*** INFORMATION ***
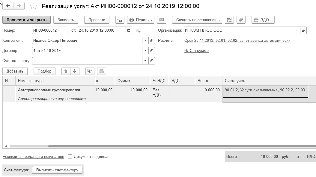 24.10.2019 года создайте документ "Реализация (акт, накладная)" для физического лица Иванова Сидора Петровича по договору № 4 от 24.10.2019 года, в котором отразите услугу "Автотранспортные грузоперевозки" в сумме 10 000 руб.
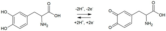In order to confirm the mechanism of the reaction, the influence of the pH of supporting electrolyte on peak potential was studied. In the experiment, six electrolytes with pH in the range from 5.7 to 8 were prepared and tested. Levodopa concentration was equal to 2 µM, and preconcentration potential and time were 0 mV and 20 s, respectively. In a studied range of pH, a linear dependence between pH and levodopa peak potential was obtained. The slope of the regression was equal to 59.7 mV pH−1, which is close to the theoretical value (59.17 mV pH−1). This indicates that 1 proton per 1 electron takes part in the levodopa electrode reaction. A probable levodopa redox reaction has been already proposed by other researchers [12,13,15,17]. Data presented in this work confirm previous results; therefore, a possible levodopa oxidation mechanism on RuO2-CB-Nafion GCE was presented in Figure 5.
***
*** INFORMATION ***
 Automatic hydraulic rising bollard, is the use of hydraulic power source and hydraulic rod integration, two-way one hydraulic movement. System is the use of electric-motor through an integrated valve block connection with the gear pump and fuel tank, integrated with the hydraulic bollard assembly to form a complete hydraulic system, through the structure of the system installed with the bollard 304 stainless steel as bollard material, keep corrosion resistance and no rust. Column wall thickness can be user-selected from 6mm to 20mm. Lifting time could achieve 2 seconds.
***
*** INFORMATION ***
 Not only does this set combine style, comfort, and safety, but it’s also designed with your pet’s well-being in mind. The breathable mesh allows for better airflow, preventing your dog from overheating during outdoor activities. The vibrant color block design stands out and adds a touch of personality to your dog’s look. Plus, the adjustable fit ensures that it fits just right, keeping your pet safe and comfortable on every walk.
***
• _WHAT NEEDS TO BE DONE_:
Word for word, write out the lines above running from the one with "24.10.2019 года создайте" up to and including the one with "In order to". Drop any picture.

• _OUTPUT FOR THIS TASK_:
 24.10.2019 года создайте документ "Реализация (акт, накладная)" для физического лица Иванова Сидора Петровича по договору № 4 от 24.10.2019 года, в котором отразите услугу "Автотранспортные грузоперевозки" в сумме 10 000 руб.
In order to confirm the mechanism of the reaction, the influence of the pH of supporting electrolyte on peak potential was studied. In the experiment, six electrolytes with pH in the range from 5.7 to 8 were prepared and tested. Levodopa concentration was equal to 2 µM, and preconcentration potential and time were 0 mV and 20 s, respectively. In a studied range of pH, a linear dependence between pH and levodopa peak potential was obtained. The slope of the regression was equal to 59.7 mV pH−1, which is close to the theoretical value (59.17 mV pH−1). This indicates that 1 proton per 1 electron takes part in the levodopa electrode reaction. A probable levodopa redox reaction has been already proposed by other researchers [12,13,15,17]. Data presented in this work confirm previous results; therefore, a possible levodopa oxidation mechanism on RuO2-CB-Nafion GCE was presented in Figure 5.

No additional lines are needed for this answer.